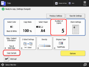 Placing OriginalsOn the copy screen, enter the number of copies, and press [Copy Sample].
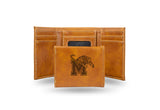 Show your team pride off every day when you carry the RICO tri-fold wallet. You can store your money, credit cards and important business cards in this laser engraved faux trifold wallet. The faux leather wallet holds 4 credit cards a side hidden pocket. It's laser engraved with the team logo.
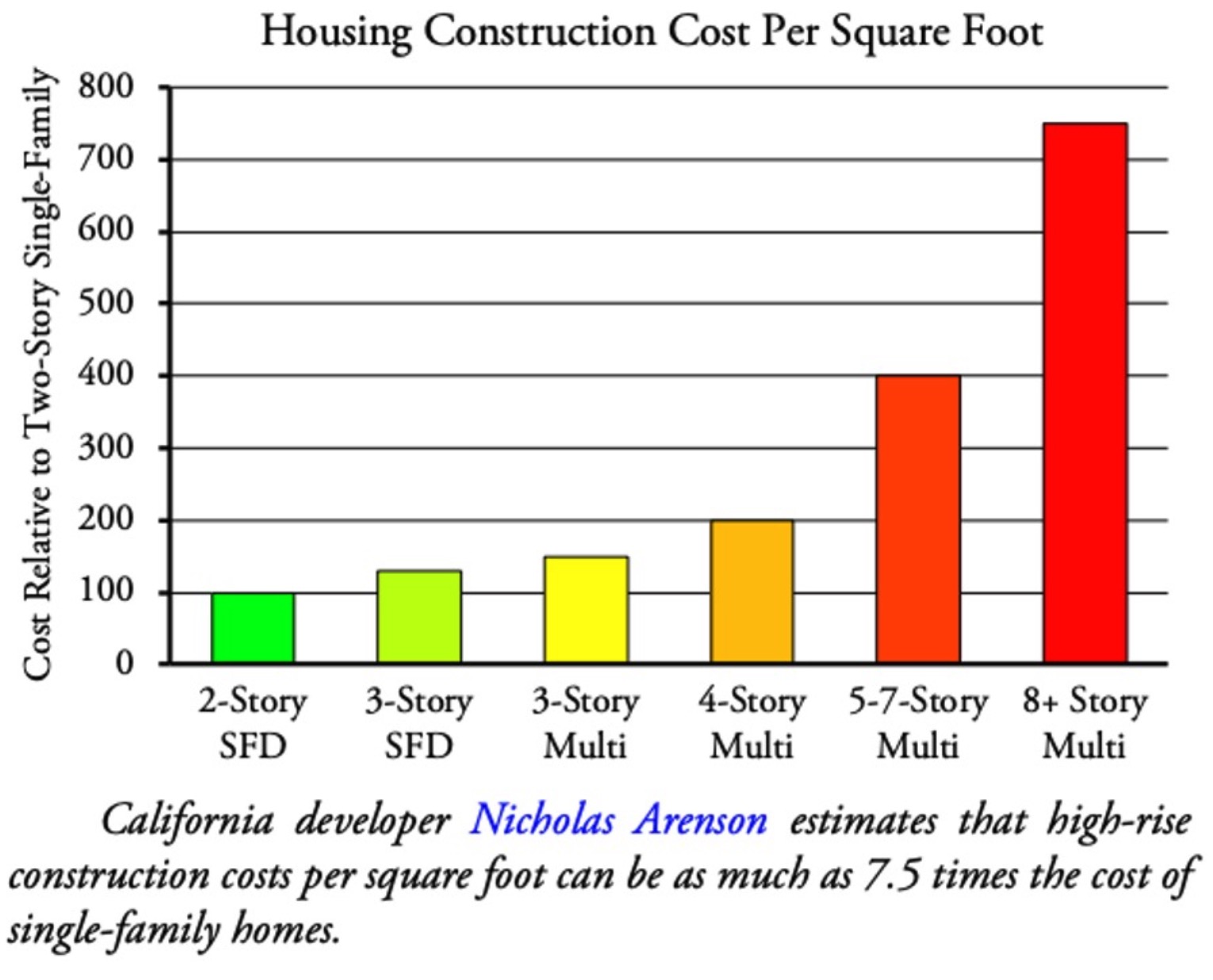 High-density-advocates claim that developers can overcome high land costs by building higher densities. However, the cost of high-density construction is significantly greater, per square foot, than low-density construction.
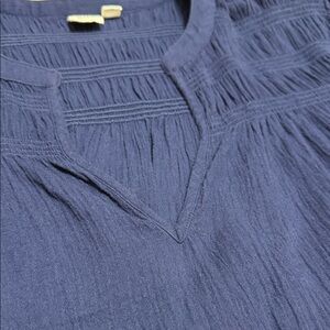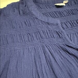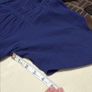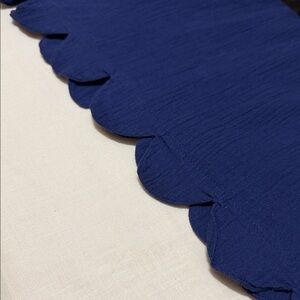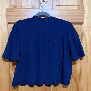 Boho inspired blue blouse with scalloped hem. Features short sleeves and textured sloughed cotton fabric. Cropped and boxy fit. Good pre owned condition. See photos for measurements to ensure proper fit.
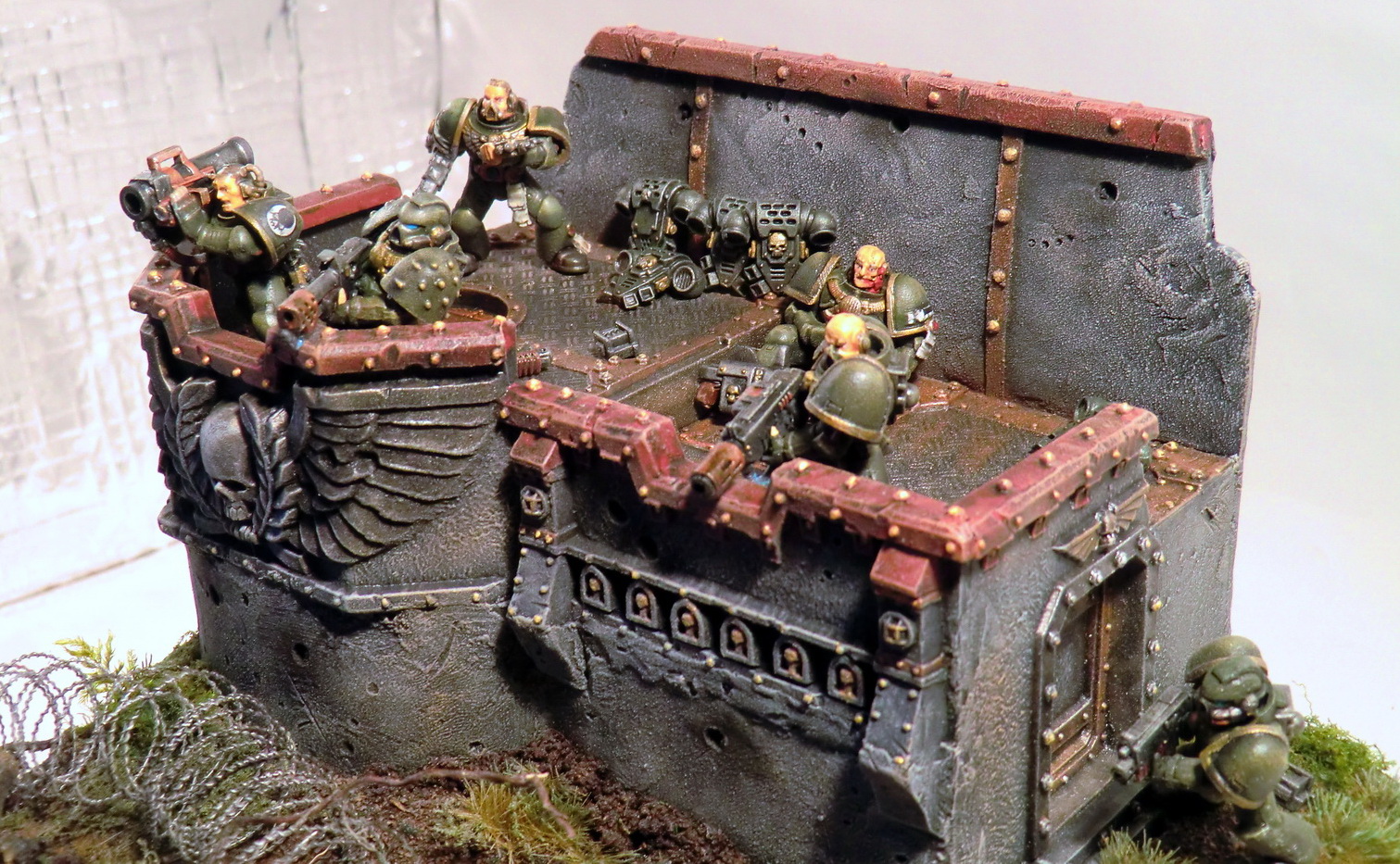Т.к. миниатюры не варгеймовские, то решил отойти от канонов Warhammer и сделал орков не зелеными, каковыми им положено быть, а более "людского" цвета. Space Marines тоже раскрашены без определенной привязки к кодексам и подразделениям. В общем - "свободное плавание".
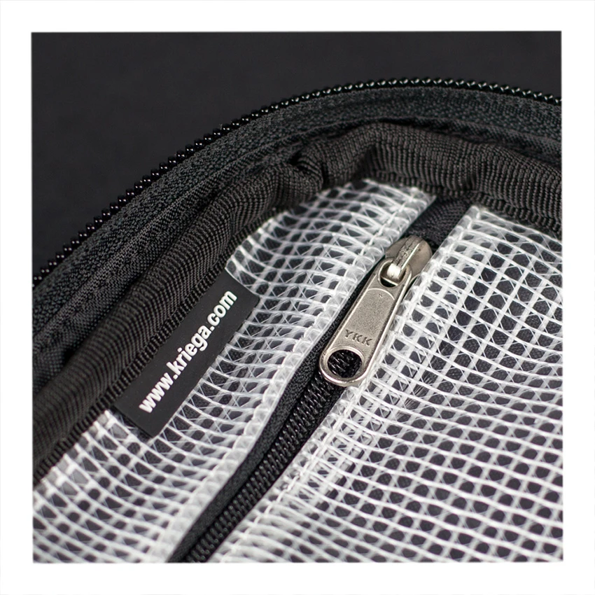 Optional/removable accessory pocket for Kriega backpacks and waist packs (water-resistant).
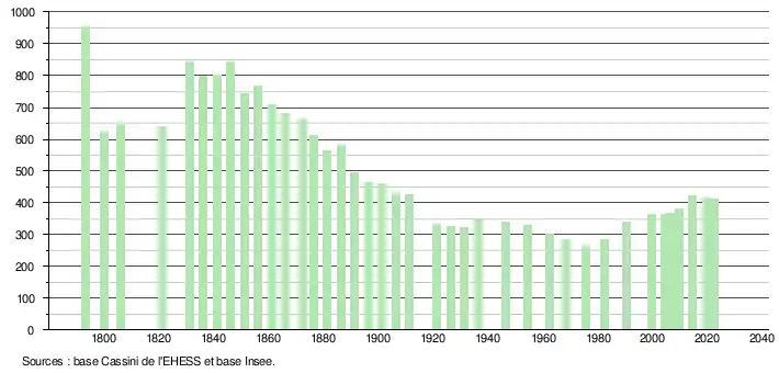 L'évolution du nombre d'habitants est connue à travers les recensements de la population effectués dans la commune depuis 1793. Pour les communes de moins de 10 000 habitants, une enquête de recensement portant sur toute la population est réalisée tous les cinq ans, les populations de référence des années intermédiaires étant quant à elles estimées par interpolation ou extrapolation[23]. Pour la commune, le premier recensement exhaustif entrant dans le cadre du nouveau dispositif a été réalisé en 2004[24].
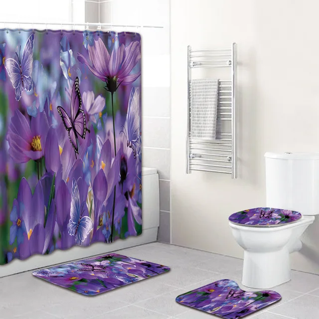 2019 Waterproof Bathroom Shower Curtain Toilet Cover Rug Mat Set
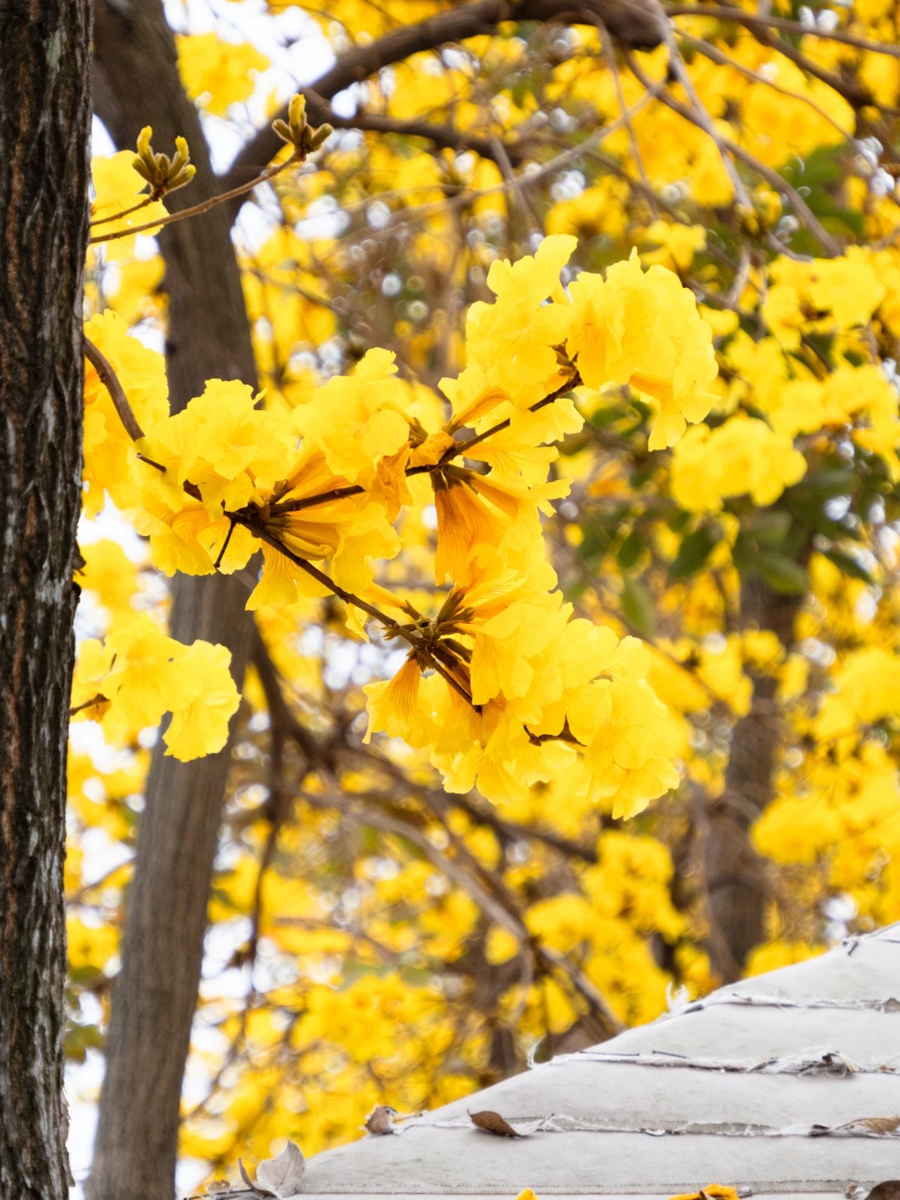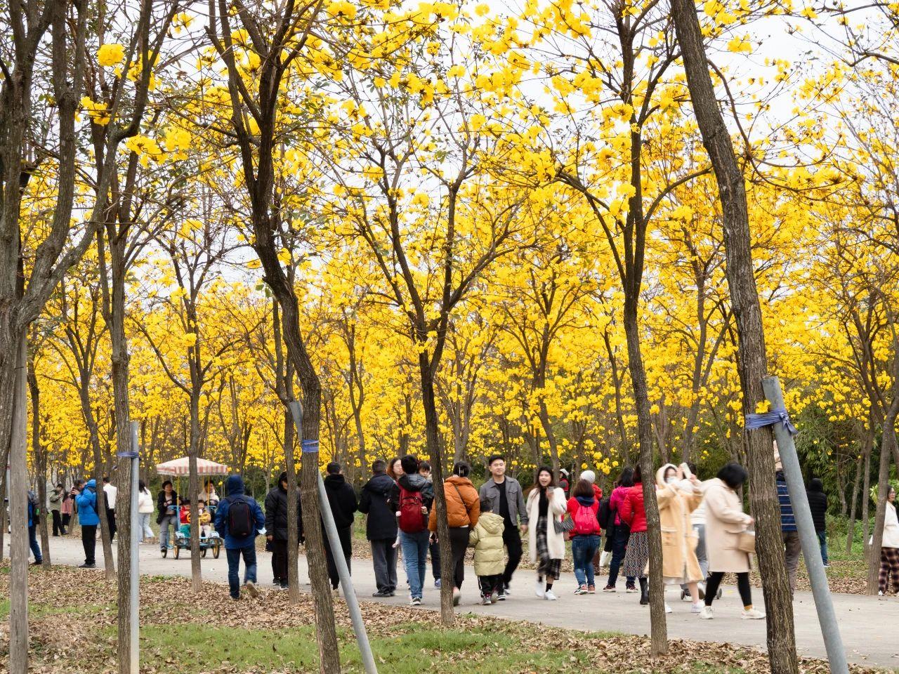 与花期较长的紫花风铃木不同,黄花风铃木的花期较短,街坊们赏花要抓紧时间。

§

**Task brief:**
After dropping the pictures, reproduce exactly the lines from the first line of the entries through the line containing "Boho inspired blue", both included.

**Problem solution:**
 Placing OriginalsOn the copy screen, enter the number of copies, and press [Copy Sample].
 Show your team pride off every day when you carry the RICO tri-fold wallet. You can store your money, credit cards and important business cards in this laser engraved faux trifold wallet. The faux leather wallet holds 4 credit cards a side hidden pocket. It's laser engraved with the team logo.
 High-density-advocates claim that developers can overcome high land costs by building higher densities. However, the cost of high-density construction is significantly greater, per square foot, than low-density construction.
 Boho inspired blue blouse with scalloped hem. Features short sleeves and textured sloughed cotton fabric. Cropped and boxy fit. Good pre owned condition. See photos for measurements to ensure proper fit.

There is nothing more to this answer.